* **Exercise**:
Starting at the first line of the data, print every line up to and including the one with "Komplet 20 majhnih", but no pictures.

* **Collected data**:
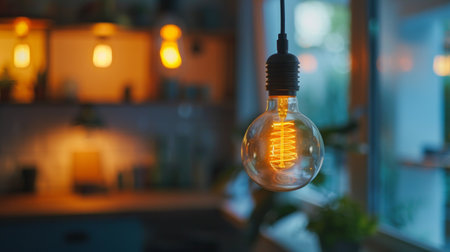 Vintage filament light bulb in cozy living room
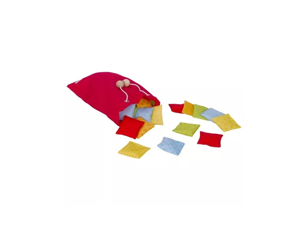 Komplet 20 majhnih tekstilnih blazinic, namenjenih tipni igri, ki razvija otrokov čut in pozornost.
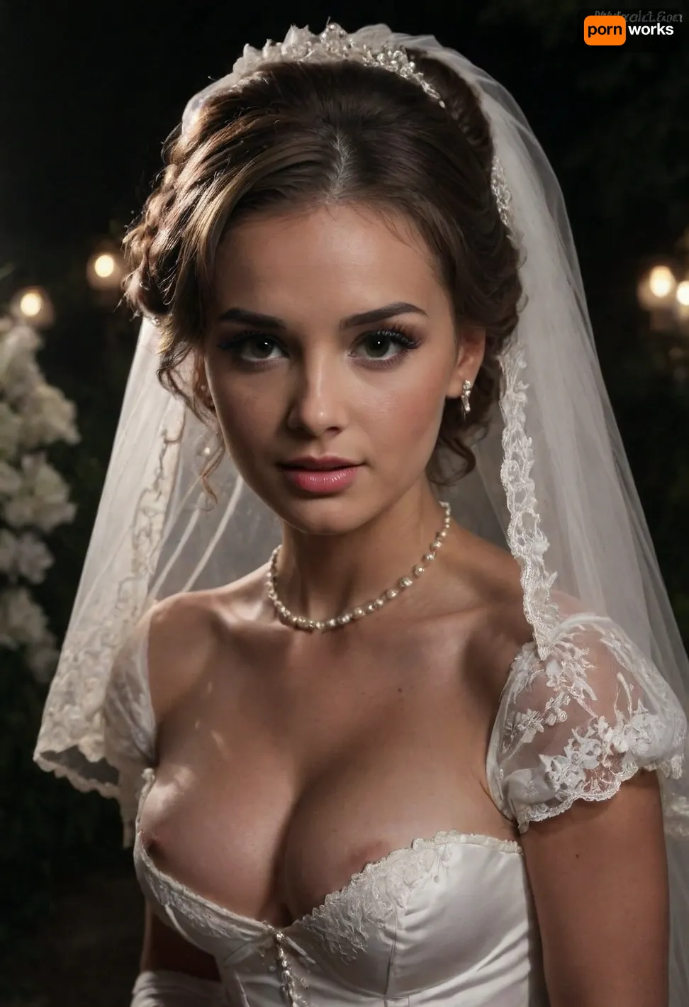 high resolution, high quality, dark scene at night, closeup of face, cute woman, smile, pearl choker, pearl earrings, (brunette Hair in elaborate updo:1.4), (standing model posing, (wedding dress:1.2), (white corset:1.2), (wedding veil:1.3), (white lace gloves), nipslip, thick eyebrows, very cute, smile, out of focus colorful flowers in a romantic outdoor background, outdoors, on, face, bukkake, cum), bellissima, downblouse, nipslip, d3v0n, 1woman, <lora:LesFemmesXL_v1.0:1.5>, <lora:dark:.4>, <lora:RealDownblouseXL2:.9>, <lora:Devon:1.4>
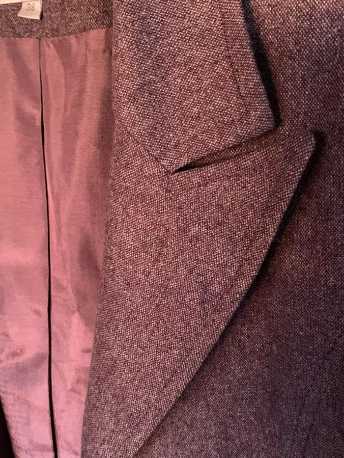 veste longue laine et polyester coloris prune chiné
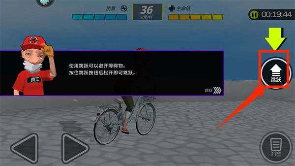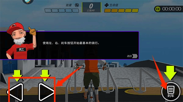 左下方按钮左右移动自行车,右下方按钮刹车。
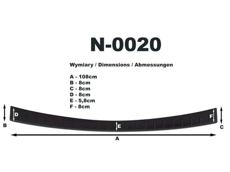 Listwa ochronna bagażnika jest produkowana z czarnego plastiku ABS charakteryzującego się wielką odpornością przeciw uszkodzeniom oraz otarciom. Prosty montaż listwy za pomocą taśmy obustronnej, która jest zawartością zestawu.
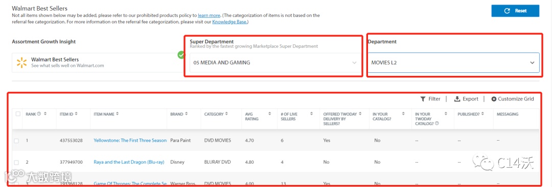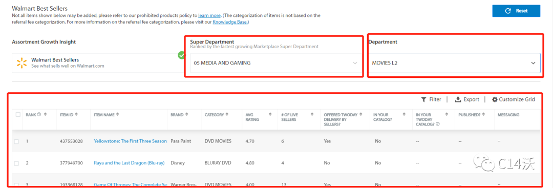 右边我们知道是沃尔玛给的各个类目的best seller,选择类目就可以出来对应的这个品类的best seller,可以作为选品的参考。
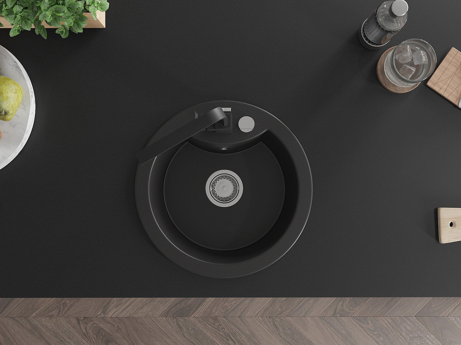 Mexen Diego vienos kambario granitinė kriauklė su virtuviniu maišytuvu Rita, juoda - 6512-77-670300-70
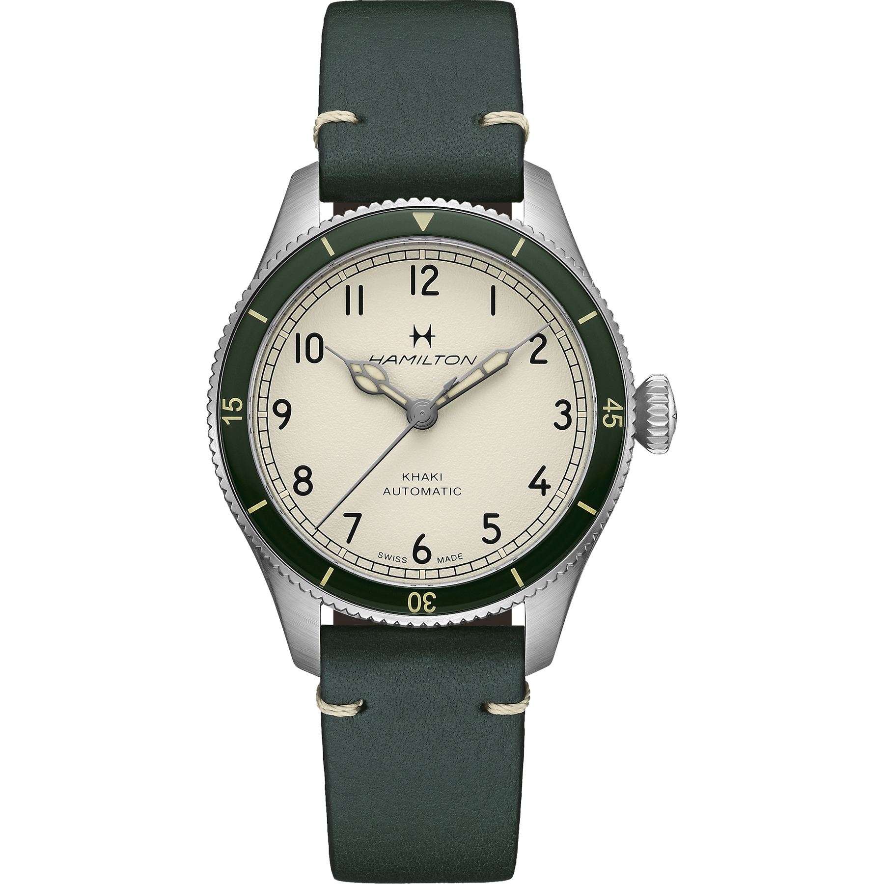The Hamilton Khaki Aviation Pilot Pioneer 38mm pays tribute to the brand’s rich aviation and military heritage. Showcasing distinctive retro charm, it features an eggshell-white dial paired with a moss green turning bezel and green leather strap. Powered by the H-10 automatic movement with an 80-hour power reserve and Nivachron™ balance spring, it delivers reliable Swiss precision. With a stainless steel case, sapphire crystal, and 100m water resistance, this timepiece blends vintage style with modern performance.

* **Exercise answer**:
 Vintage filament light bulb in cozy living room
 Komplet 20 majhnih tekstilnih blazinic, namenjenih tipni igri, ki razvija otrokov čut in pozornost.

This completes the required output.